Cyber Security Training Services Provider Hoxhunt Ltd. the company today released the results of a new study on the effectiveness of phishing attacks created by ChatGPT, and while the technology continues to improve, humans actually performed better.
The study analyzed more than 53,000 email users in more than 100 countries, comparing the profitability of simulated phishing attacks created by human social engineers and those created by large artificial intelligence language models. While the potential of ChatGPT can be used for malicious phishing activities, human social engineers are outperforming AI in inducing clicks on malicious links.
The correlation between the success rate of human-generated phishing emails and ChatGPT was significant, with human red teams generating a 4.2% click-through rate versus a 2.9% click-through rate for ChatGPT in a population sample of email users. Humans outperformed AI by 69% in persuading other humans to do something.
The study also found that users with more experience in the security awareness and behavior change program showed significant protection against human and AI-generated emails. from email phishing attacks, with the failure rate dropping from 14% for less trained users to between 2% and 4%. with experienced users.
The idea that ChatGPT can be used for good and evil is not a new idea, but it has not yet been thoroughly explored from a malicious perspective. The study found that AI does create opportunities for both the attacker and the defender. While phishing attacks augmented with large language models still don’t perform as well as human social engineering, researchers say the gap is likely to close, and attackers are already using AI.
“Security awareness and behavior change training needs to be dynamic with the evolving threat landscape to protect people and organizations from attacks,” the study notes.
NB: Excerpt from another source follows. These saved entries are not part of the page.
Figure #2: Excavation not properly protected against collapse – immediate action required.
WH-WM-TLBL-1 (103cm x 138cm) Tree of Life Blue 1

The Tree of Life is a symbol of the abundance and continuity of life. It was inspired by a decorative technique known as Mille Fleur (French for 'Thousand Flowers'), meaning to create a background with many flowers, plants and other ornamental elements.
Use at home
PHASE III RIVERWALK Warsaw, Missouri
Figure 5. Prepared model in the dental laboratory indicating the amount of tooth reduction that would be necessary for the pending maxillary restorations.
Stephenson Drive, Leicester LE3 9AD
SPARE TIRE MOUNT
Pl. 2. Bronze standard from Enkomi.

Discussing the study’s findings, Melissa Bishoping, director of Endpoint Security Research at Endpoint Management Company Tanium Inc., told SiliconANGLE that AI really opens up new opportunities for the effectiveness, creativity and personalization of phishing lures. But he said it’s important to remember that defenses against such attacks remain largely unchanged.
“It may be a good opportunity to update awareness training programs to educate employees about emerging technologies and trends in phishing/smashing/vishing tactics to encourage vigilance and a ‘think before you click’ culture,” Bishoping explained. “We will potentially see an increase in highly customized and persuasive lures at scale. Today, it’s much easier and much faster for a threat actor to ask an AI to write a message asking someone in a specific field to do something and associate relevant and compelling details.”
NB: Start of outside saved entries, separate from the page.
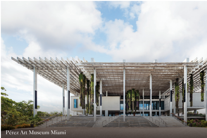
Pérez Art Museum Miami
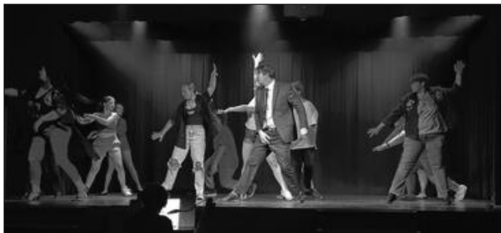
Cast and crew of “ The Addams Family ” prepare for a frightfully delightful performance.
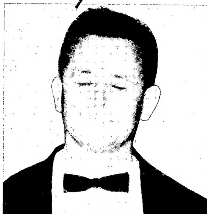
Photograph taken 1968
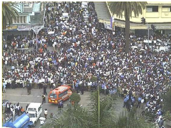
Scenes in Nairobi's Central Business Centre following a blast at Nakumatt Downtown Supermarket

In this incident, some 26 people were confirmed dead and efforts are continuing to determine the fate of 30 others reported missing.
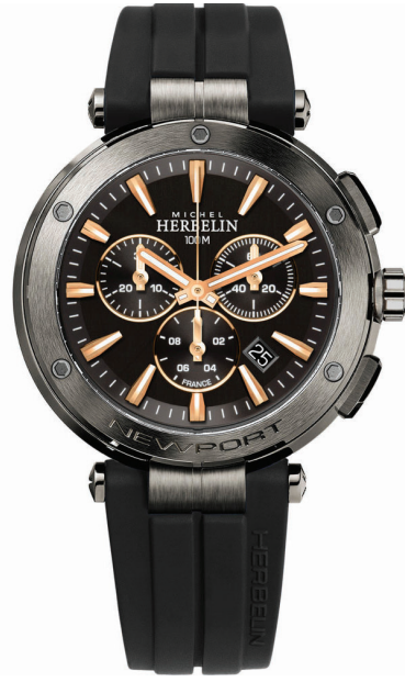
37688/G33TCA WR 100m Ø 40.5mm
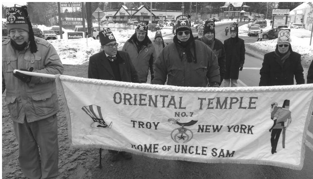
Oriental and Media Shriners march in Saranac Winter Carnival Parade.
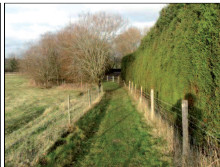
Pic 6: The path in between the fences close to Misty Meadow Farm
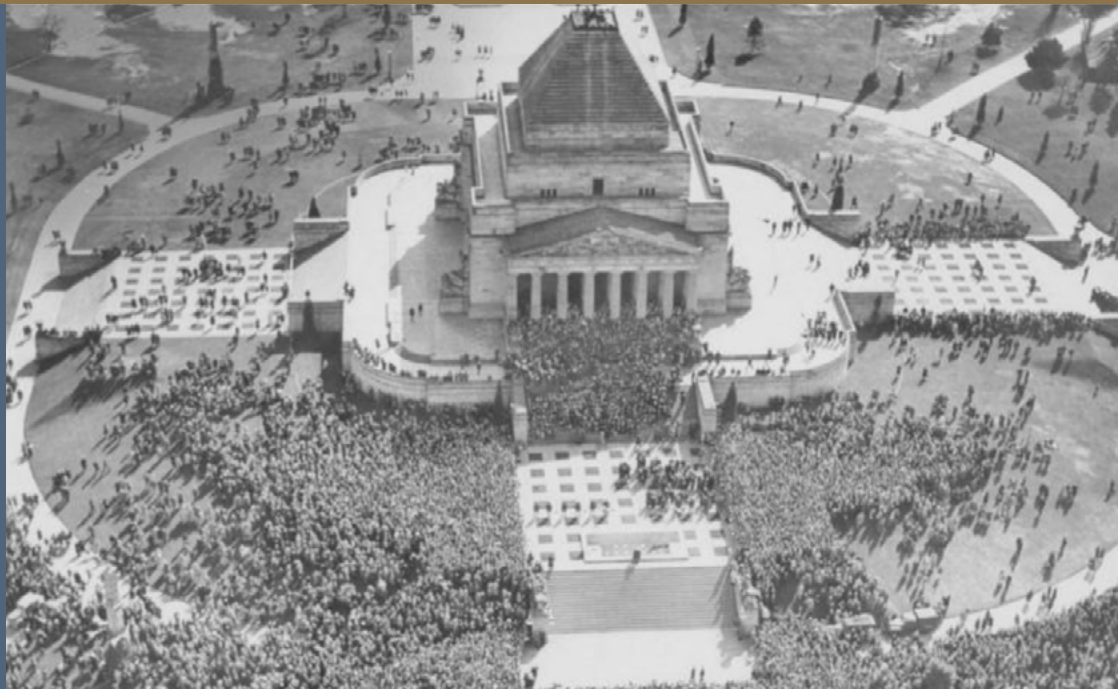
Crowds gather at the Shrine of Remembrance in Melbourne to celebrate Victory in the Pacific, August 1945.
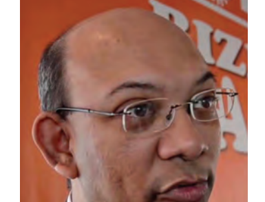
Etienne Sinatambou Minister of ICT

The sector has experienced rapid and sustained growth in recent years and as evidenced by the increasing number of foreign

Hoxhunt co-founder and CEO Mika Aalto said, “We now know from our research that effective, existing security awareness and behavior change programs protect against AI-enhanced phishing attacks.”
“As part of your holistic cybersecurity strategy, be sure to focus on your people and their email behavior, because that’s what our adversaries are doing with their new AI tools,” Aalto added. “Embedded security as a universal responsibility throughout the organization, with ongoing training that empowers users to spot suspicious messages and reward them for reporting threats, until human threat detection becomes a habit.”